Reference to blogs, tweets, discussions, etc that caught my attention during the last week.

Data Modeling

The blog article “Data Vault 2.0 Staging Area learnings & suggestions” by Roelant Vos shows an approach to generate hash keys for Data Vault 2.0 in the staging layer for business keys, link relationships and hash difference determination.

Introduction to Cassandra Data Modeling” video by dbtube with Cassandra storage model and data modeling.

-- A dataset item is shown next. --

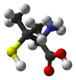 Penicillamine is a trifunctional organic compound, consisting of a thiol, an amine, and a carboxylic acid. It is structurally similar to the α-amino acid cysteine, but with geminal dimethyl substituents α to the thiol. Like most amino acids, it is a colorless solid that exists in the zwitterionic form at physiological pH. Of its two enantiomers, L-penicillamine (having R absolute configuration) is toxic because it inhibits the action of pyridoxine (also known as vitamin B6).[18] That enantiomer is a metabolite of penicillin but has no antibiotic properties itself.[19] A variety of penicillamine–copper complex structures are known.[20]
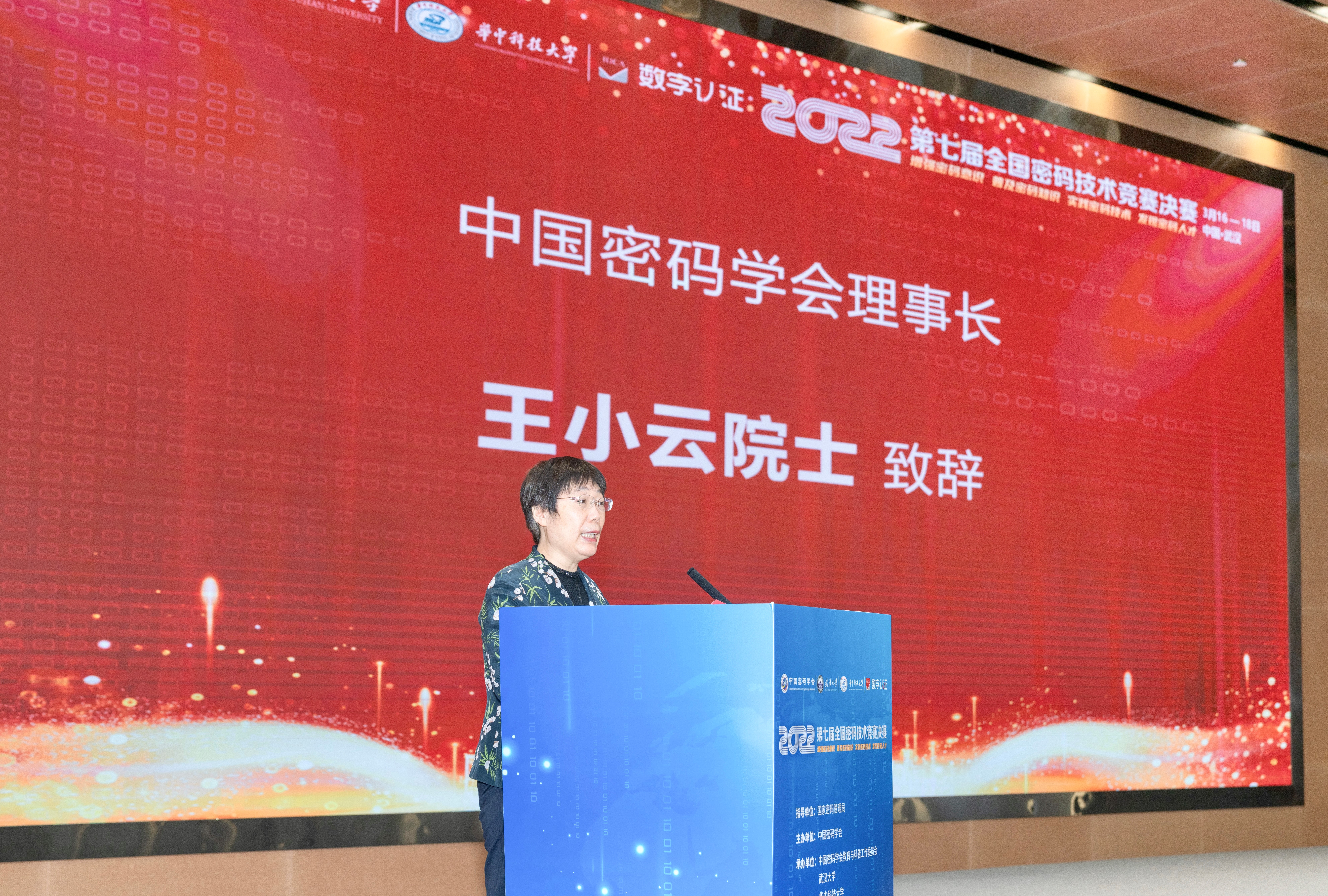 中国密码学会理事长、中国科学院院士王小云讲话。她指出,必须要牢记密码为国家服务的原则,重视基础研究的重要价值,切实将密码技术应用到国家和社会的重大需求中。王小云院士鼓励年轻老师和学子们:“你们处在历史上的最好时期,你们一定要勇于成为科技创新的‘排头兵’,不负青春,不负韶华!”

Pour Some Schema On Me: The Secret Behind Every Enterprise Information Lake” by Murthy Mathiprakasam on Informatica blog strengthens the need to care about schematas and metadata – just pouring log data, sensor data, etc into a data lake is not sufficient to get data quality in the long run.

Data Architecture

Link to ThoughtWorks’ “Rethink Dallas” videos on agile topics:

  • Agile architecture (Molly Bartlett Dishman, Martin Fowler)
  • The death of agile (Dave Thomas)
  • Rethinking the agile enterprise (Brandon Byars)

Data Storage

The Top 10 Posts of 2014 from the Cloudera Engineering Blog” by Justin Kestelyn contains many articles dealing with right-time capabilities for Hadoop ecosystem, e.g. Spark, Kafka, Impala.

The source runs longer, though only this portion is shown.